PROBLEM TO WORK ON
Return the lines that run from the line containing "구성원의 정보와 명함을" through the end of the entries, both ends included. Leave out all pictures.

*** RECORD EXTRACTS ***

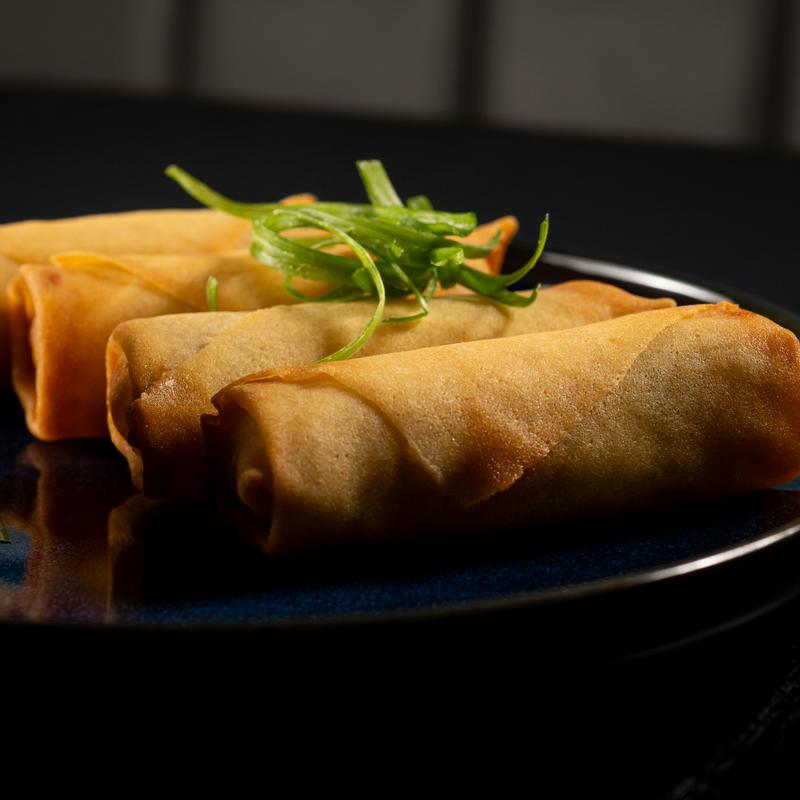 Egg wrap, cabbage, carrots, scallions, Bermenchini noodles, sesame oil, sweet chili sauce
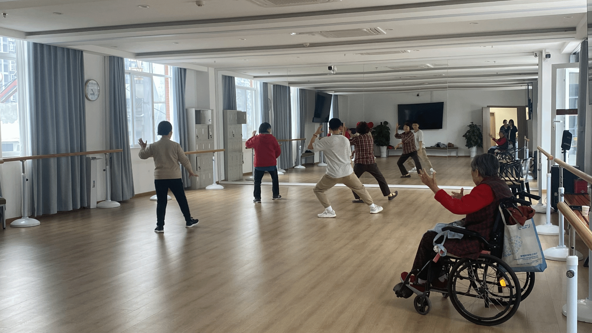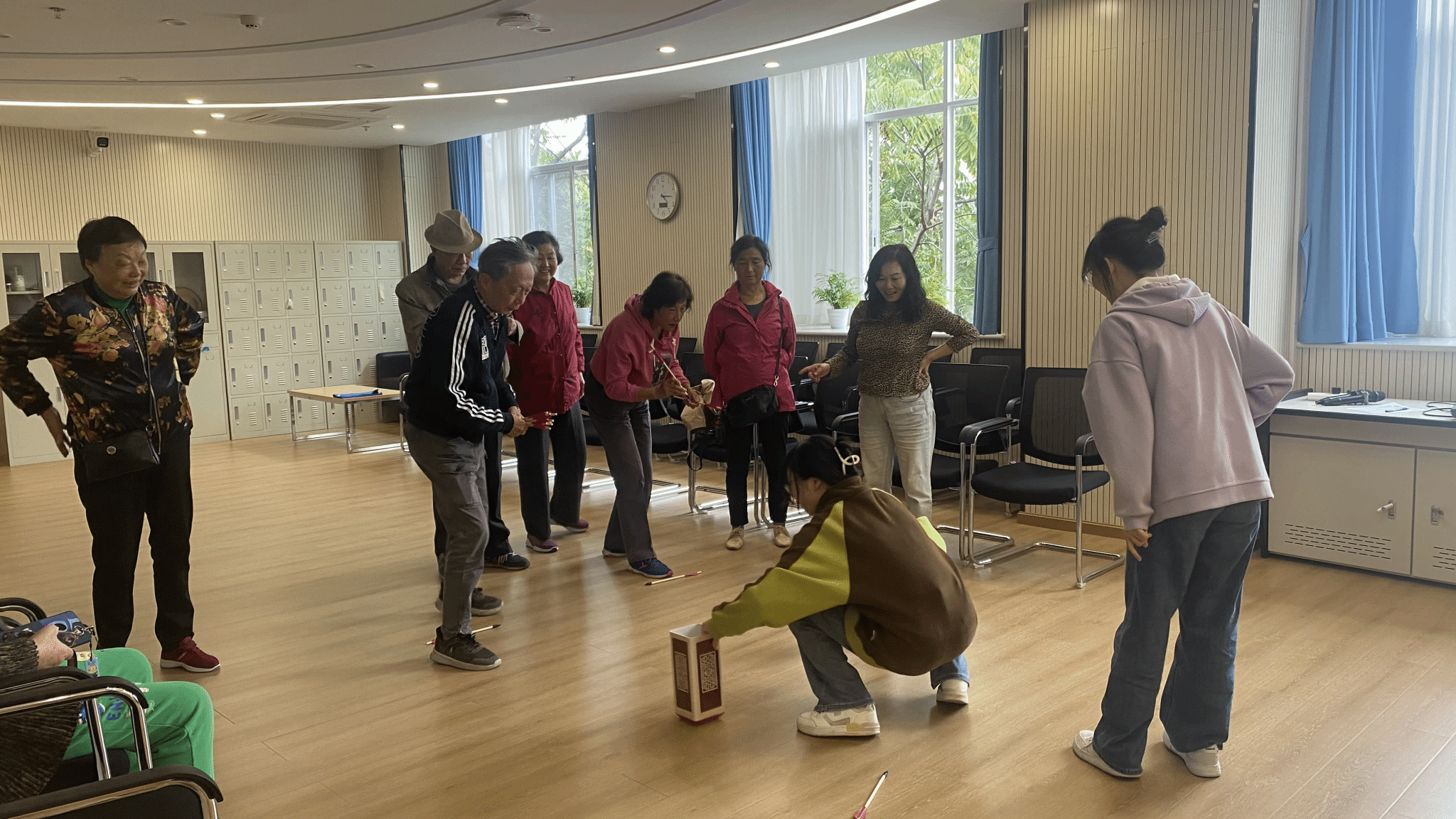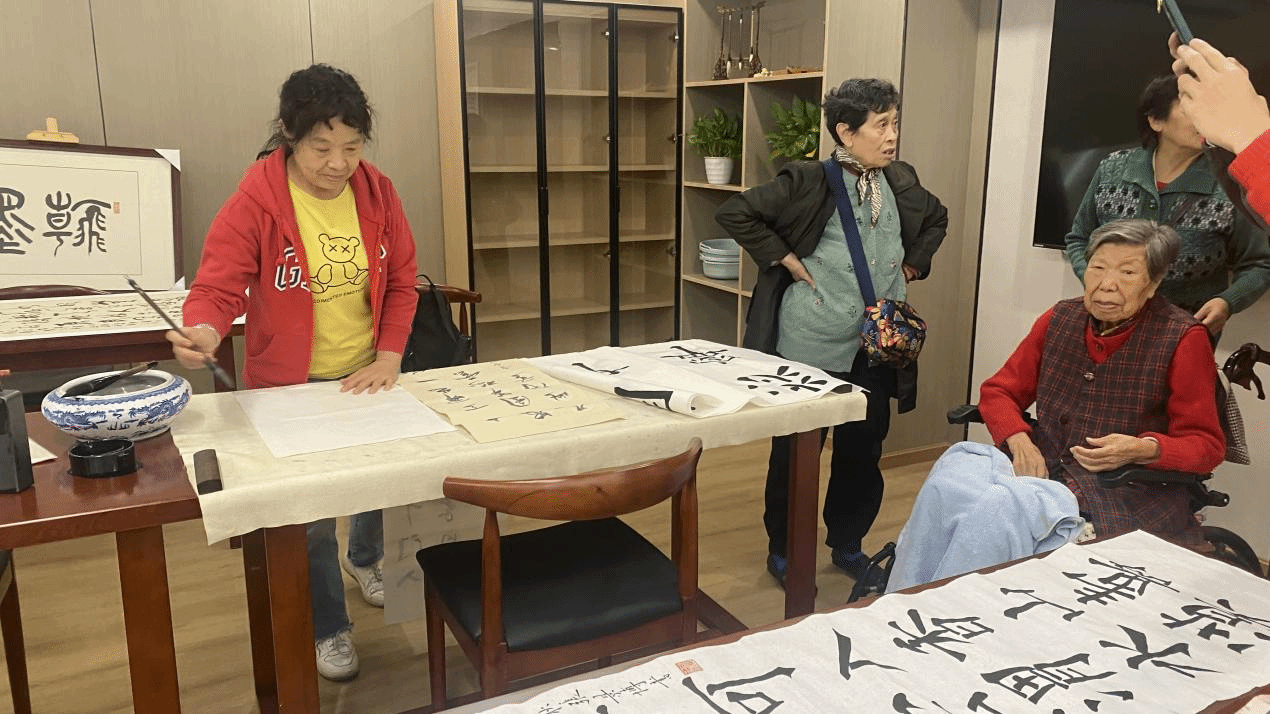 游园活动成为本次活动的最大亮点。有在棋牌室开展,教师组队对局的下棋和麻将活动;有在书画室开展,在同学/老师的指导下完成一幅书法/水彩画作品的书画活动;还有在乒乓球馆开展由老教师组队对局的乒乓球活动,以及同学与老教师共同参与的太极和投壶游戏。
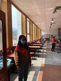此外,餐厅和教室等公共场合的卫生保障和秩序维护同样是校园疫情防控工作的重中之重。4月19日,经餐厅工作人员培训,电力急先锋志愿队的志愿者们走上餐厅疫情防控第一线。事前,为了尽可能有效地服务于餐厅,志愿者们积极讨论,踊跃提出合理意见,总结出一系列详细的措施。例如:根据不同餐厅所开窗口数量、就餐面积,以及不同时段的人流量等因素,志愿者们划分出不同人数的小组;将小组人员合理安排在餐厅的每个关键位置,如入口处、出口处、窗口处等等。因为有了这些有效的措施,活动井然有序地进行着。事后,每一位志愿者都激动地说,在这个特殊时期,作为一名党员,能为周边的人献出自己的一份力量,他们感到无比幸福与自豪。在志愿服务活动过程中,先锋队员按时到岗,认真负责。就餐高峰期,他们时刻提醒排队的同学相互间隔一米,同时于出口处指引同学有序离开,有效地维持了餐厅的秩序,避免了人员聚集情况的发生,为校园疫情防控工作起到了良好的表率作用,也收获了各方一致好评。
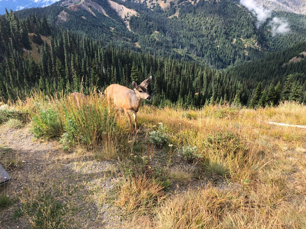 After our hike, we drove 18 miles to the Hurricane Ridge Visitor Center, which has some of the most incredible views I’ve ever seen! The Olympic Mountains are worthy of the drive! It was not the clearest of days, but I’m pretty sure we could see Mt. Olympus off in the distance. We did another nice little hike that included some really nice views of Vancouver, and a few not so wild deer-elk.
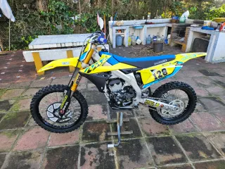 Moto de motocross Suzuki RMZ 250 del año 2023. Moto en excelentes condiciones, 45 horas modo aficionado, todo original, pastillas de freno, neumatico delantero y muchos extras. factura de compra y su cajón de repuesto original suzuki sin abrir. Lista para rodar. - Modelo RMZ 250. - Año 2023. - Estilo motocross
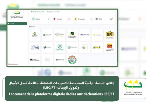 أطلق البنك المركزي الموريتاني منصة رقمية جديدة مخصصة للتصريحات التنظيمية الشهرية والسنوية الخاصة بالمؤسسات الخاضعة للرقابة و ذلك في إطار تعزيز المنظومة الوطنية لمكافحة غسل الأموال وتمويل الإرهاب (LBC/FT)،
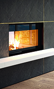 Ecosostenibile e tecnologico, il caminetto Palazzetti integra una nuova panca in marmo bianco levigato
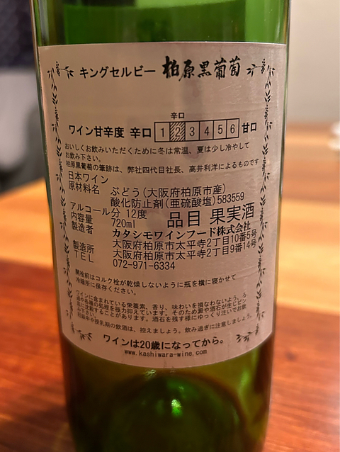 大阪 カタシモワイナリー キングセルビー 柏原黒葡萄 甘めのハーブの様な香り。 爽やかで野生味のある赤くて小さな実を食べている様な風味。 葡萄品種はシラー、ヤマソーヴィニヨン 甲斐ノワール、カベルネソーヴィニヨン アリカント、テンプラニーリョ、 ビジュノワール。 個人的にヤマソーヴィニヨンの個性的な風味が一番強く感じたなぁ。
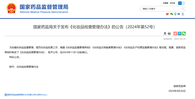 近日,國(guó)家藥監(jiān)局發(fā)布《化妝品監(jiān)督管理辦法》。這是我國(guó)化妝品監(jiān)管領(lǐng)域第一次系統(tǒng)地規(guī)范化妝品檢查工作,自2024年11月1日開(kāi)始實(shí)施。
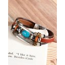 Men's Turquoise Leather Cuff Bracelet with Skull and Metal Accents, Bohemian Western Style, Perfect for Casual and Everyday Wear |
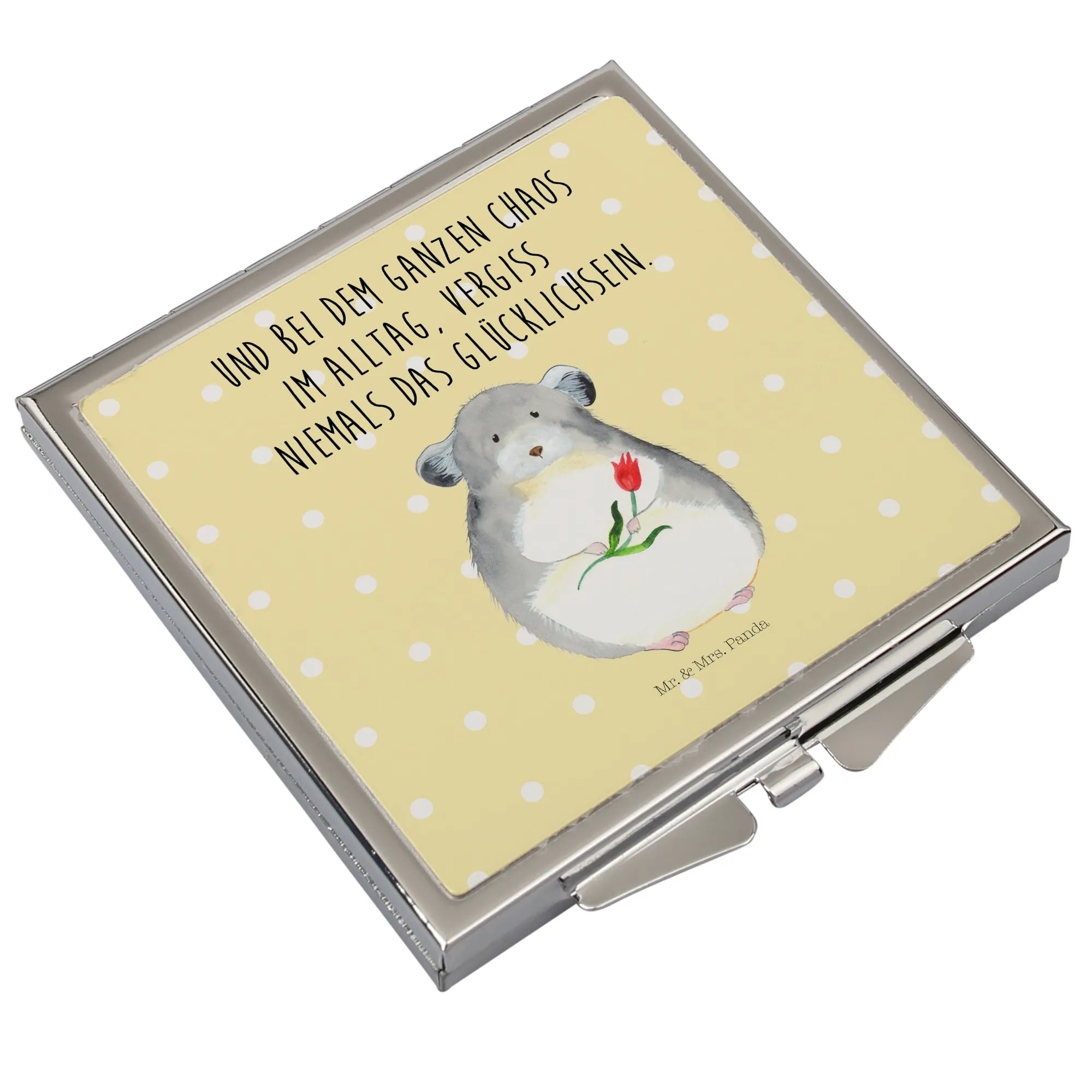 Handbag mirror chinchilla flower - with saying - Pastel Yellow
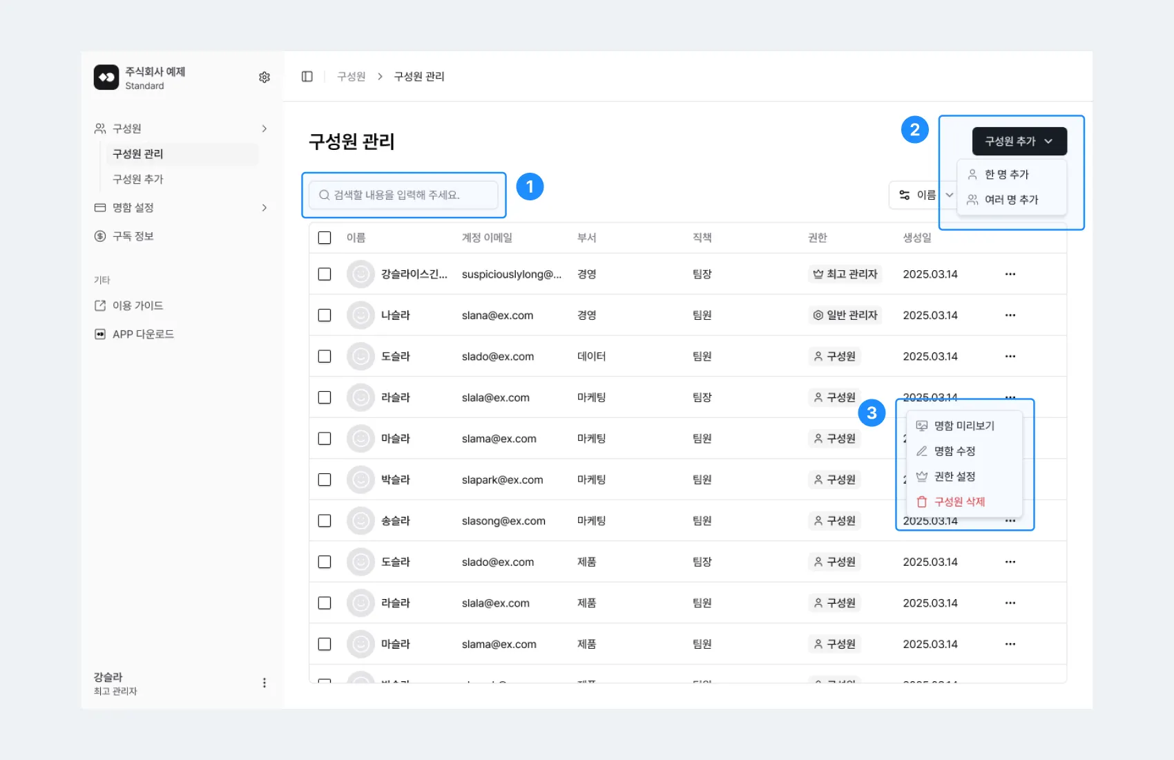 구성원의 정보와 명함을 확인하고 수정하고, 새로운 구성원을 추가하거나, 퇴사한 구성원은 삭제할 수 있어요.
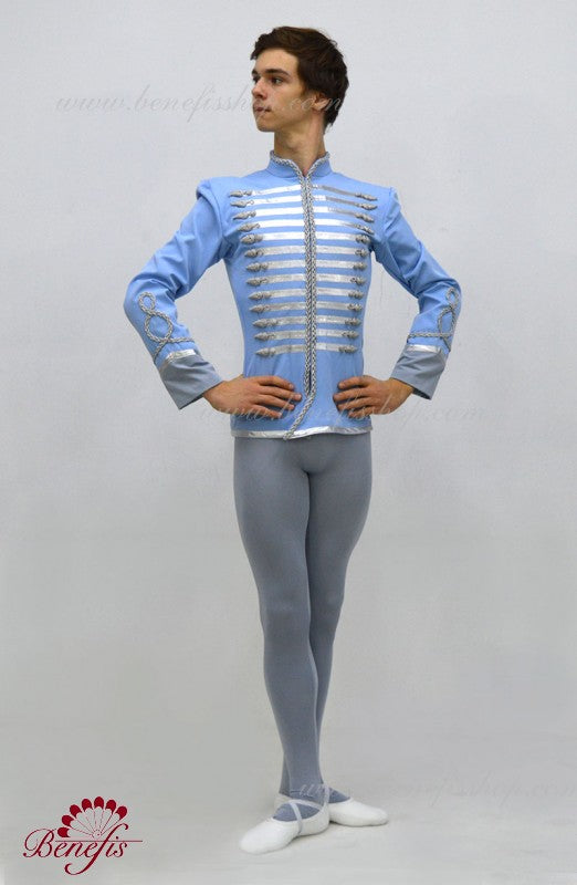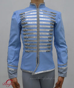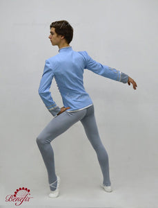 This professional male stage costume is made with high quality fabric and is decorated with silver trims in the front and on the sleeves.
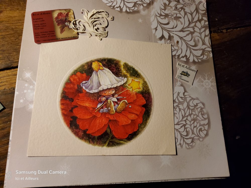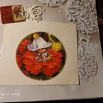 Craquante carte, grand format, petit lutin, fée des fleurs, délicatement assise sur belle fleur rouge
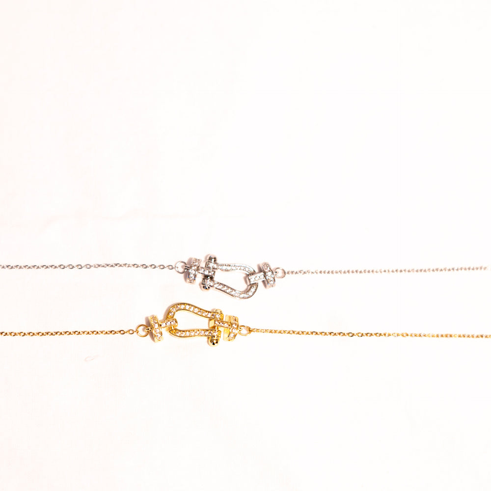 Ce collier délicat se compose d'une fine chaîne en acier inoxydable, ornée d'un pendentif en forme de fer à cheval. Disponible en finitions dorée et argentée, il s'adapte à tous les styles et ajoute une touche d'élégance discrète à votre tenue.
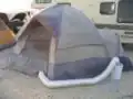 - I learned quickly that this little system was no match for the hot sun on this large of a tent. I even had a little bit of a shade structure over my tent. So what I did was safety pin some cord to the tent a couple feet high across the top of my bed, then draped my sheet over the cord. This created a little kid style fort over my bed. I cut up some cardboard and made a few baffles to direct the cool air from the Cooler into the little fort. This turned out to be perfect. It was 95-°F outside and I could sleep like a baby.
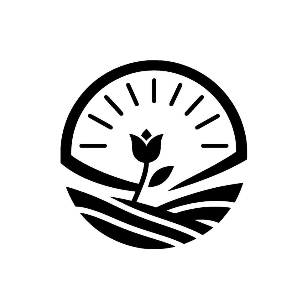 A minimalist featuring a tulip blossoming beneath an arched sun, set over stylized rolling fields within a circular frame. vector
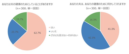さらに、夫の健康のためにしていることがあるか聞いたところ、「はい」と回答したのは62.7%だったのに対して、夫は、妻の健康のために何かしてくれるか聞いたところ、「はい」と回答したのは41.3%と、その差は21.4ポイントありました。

*** End of RECORD EXTRACTS ***

WRITTEN RESPONSE
 구성원의 정보와 명함을 확인하고 수정하고, 새로운 구성원을 추가하거나, 퇴사한 구성원은 삭제할 수 있어요.
 This professional male stage costume is made with high quality fabric and is decorated with silver trims in the front and on the sleeves.
 Craquante carte, grand format, petit lutin, fée des fleurs, délicatement assise sur belle fleur rouge
 Ce collier délicat se compose d'une fine chaîne en acier inoxydable, ornée d'un pendentif en forme de fer à cheval. Disponible en finitions dorée et argentée, il s'adapte à tous les styles et ajoute une touche d'élégance discrète à votre tenue.
 - I learned quickly that this little system was no match for the hot sun on this large of a tent. I even had a little bit of a shade structure over my tent. So what I did was safety pin some cord to the tent a couple feet high across the top of my bed, then draped my sheet over the cord. This created a little kid style fort over my bed. I cut up some cardboard and made a few baffles to direct the cool air from the Cooler into the little fort. This turned out to be perfect. It was 95-°F outside and I could sleep like a baby.
 A minimalist featuring a tulip blossoming beneath an arched sun, set over stylized rolling fields within a circular frame. vector
さらに、夫の健康のためにしていることがあるか聞いたところ、「はい」と回答したのは62.7%だったのに対して、夫は、妻の健康のために何かしてくれるか聞いたところ、「はい」と回答したのは41.3%と、その差は21.4ポイントありました。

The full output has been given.